> [TASK BRIEF]:
Beginning with the line that holds "ちなみに竹隆窯の工房建物は、" and finishing with the line that holds "After an hour", repeat the listing exactly, leaving every picture out.

> [SUPPLIED DATA]:
- Opening Delimiter -

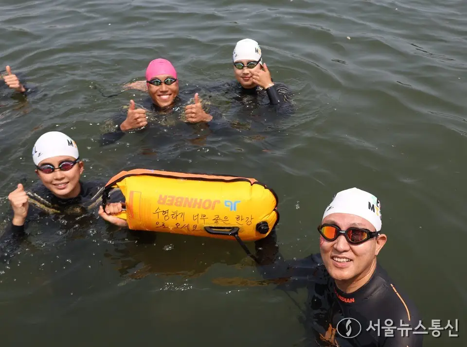 【서울 = 서울뉴스통신】 이민희 기자 = 오세훈(오른쪽) 서울시장이 30일 서울 한강에서 열린 제2회 쉬엄쉬엄 한강3종 축제에서 수영종목에 출발 전 ‘수영하기 너무 좋은 한강으로 오세요 수질 환상적!’ 안전부이를 들고 도강을 준비하고 있다. (서울시 제공) 2025.05.30. / snakorea.rc@gmail.com
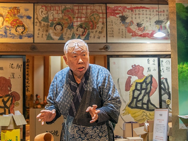 ちなみに竹隆窯の工房建物は、富山県利賀村(現在の富山県南砺市・五箇山エリア)にあった念仏道場を移築したものだそうです。工房内部は、東大寺の故清水公照氏による襖絵や小松城から移築した茶室、総檜造りの仏間といった、さながら博物館のよう。パワフルな初代から繰り出される一言ひとことには、ものづくりへのこだわりと歴史と文化があふれていました。竹隆窯は進化する「クタニ」を発信する、エネルギー満載の工房です。
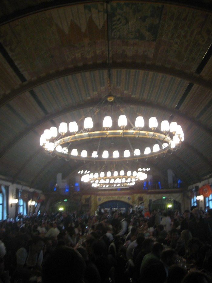 After an hour of waiting outside I finally arrived inside, where hops hung from the ceiling, the men wore suspenders, and the beer came in liter mugs.
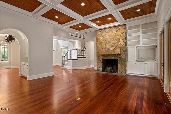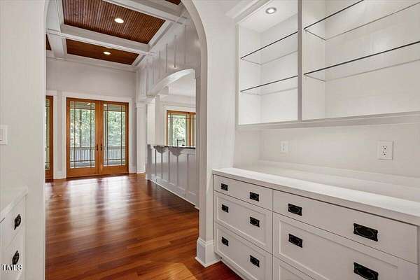 - Bathtub/Shower Combination, Beamed Ceilings, Bookcases, Built-In Features, Butler's Pantry, Ceiling Fan(s), Central Vacuum, Chandelier, Crown Molding, Double Vanity, Dressing Room, Dual Closets, Eat-In Kitchen, Entrance Foyer, Granite Counters, High Ceilings, In-Law Floorplan, Kitchen Island, Nursery, Open Floorplan, Pantry, Primary Downstairs, Recessed Lighting, Second Primary Bedroom, Separate Shower, Shower Only, Smart Camera(s)/Recording, Smooth Ceilings, Soaking Tub, Tray Ceiling(s), Vaulted Ceiling(s), Walk-In Closet(s), Walk-In Shower, Water Closet, Wet Bar

- Closing Delimiter -

> [TASK RESPONSE]:
 ちなみに竹隆窯の工房建物は、富山県利賀村(現在の富山県南砺市・五箇山エリア)にあった念仏道場を移築したものだそうです。工房内部は、東大寺の故清水公照氏による襖絵や小松城から移築した茶室、総檜造りの仏間といった、さながら博物館のよう。パワフルな初代から繰り出される一言ひとことには、ものづくりへのこだわりと歴史と文化があふれていました。竹隆窯は進化する「クタニ」を発信する、エネルギー満載の工房です。
 After an hour of waiting outside I finally arrived inside, where hops hung from the ceiling, the men wore suspenders, and the beer came in liter mugs.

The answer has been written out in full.